Data block:
--------------------------------------------------
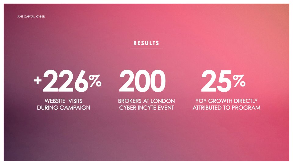 And to generate some buzz among insurance brokers, we helped AXIS organize a series of world-class events branded the AXIS Cyber INCYTE conferences.
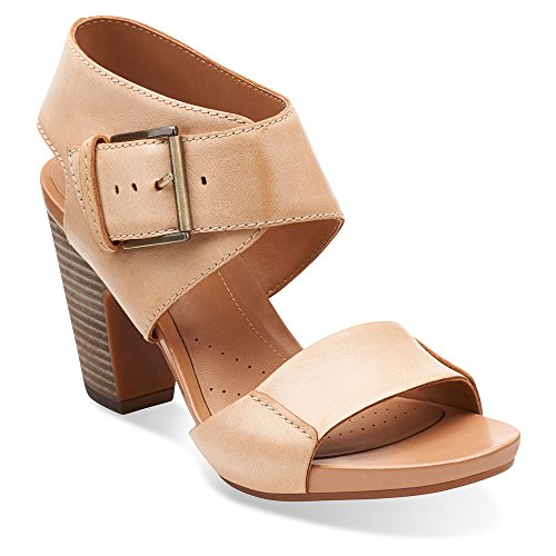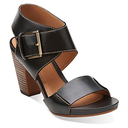 Add a little architectural styling to your look with the Okena Mod from Clarks artisan. A chunky stacked-effect heel, wrap buckle fastening, and decorative considered stitch detail make this a standout shoe, while soft leather brings timeless appeal. Wear with a simple dress or sharp tailoring and draw attention to your feet. A great city sandal for day to nightFeature
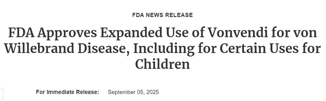 此前,Vonvendi仅被批准用于成人患者的出血事件和围手术期按需治疗,以及最严重的3型VWD成人的预防性使用。此次适应症扩展显著拓宽了该药的临床应用范围。
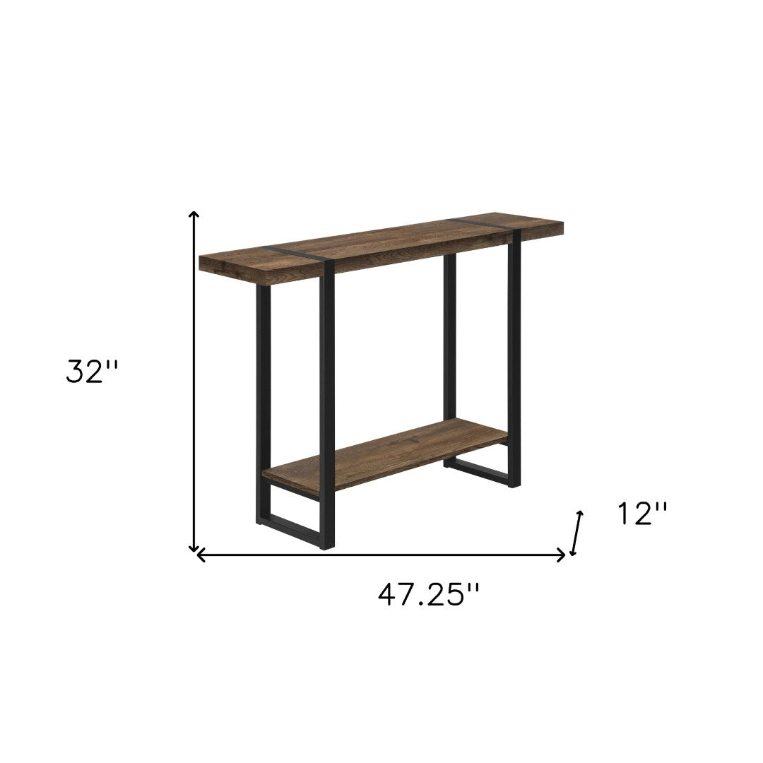 - Two tier rustic modern farmhouse console table with reclaimed wood look top.
--------------------------------------------------
Exercise:
Everything from the line with "此前,Vonvendi仅被批" through the last line of the listing should be retyped exactly, with both end lines kept and the pictures left out.

Answer box:
 此前,Vonvendi仅被批准用于成人患者的出血事件和围手术期按需治疗,以及最严重的3型VWD成人的预防性使用。此次适应症扩展显著拓宽了该药的临床应用范围。
 - Two tier rustic modern farmhouse console table with reclaimed wood look top.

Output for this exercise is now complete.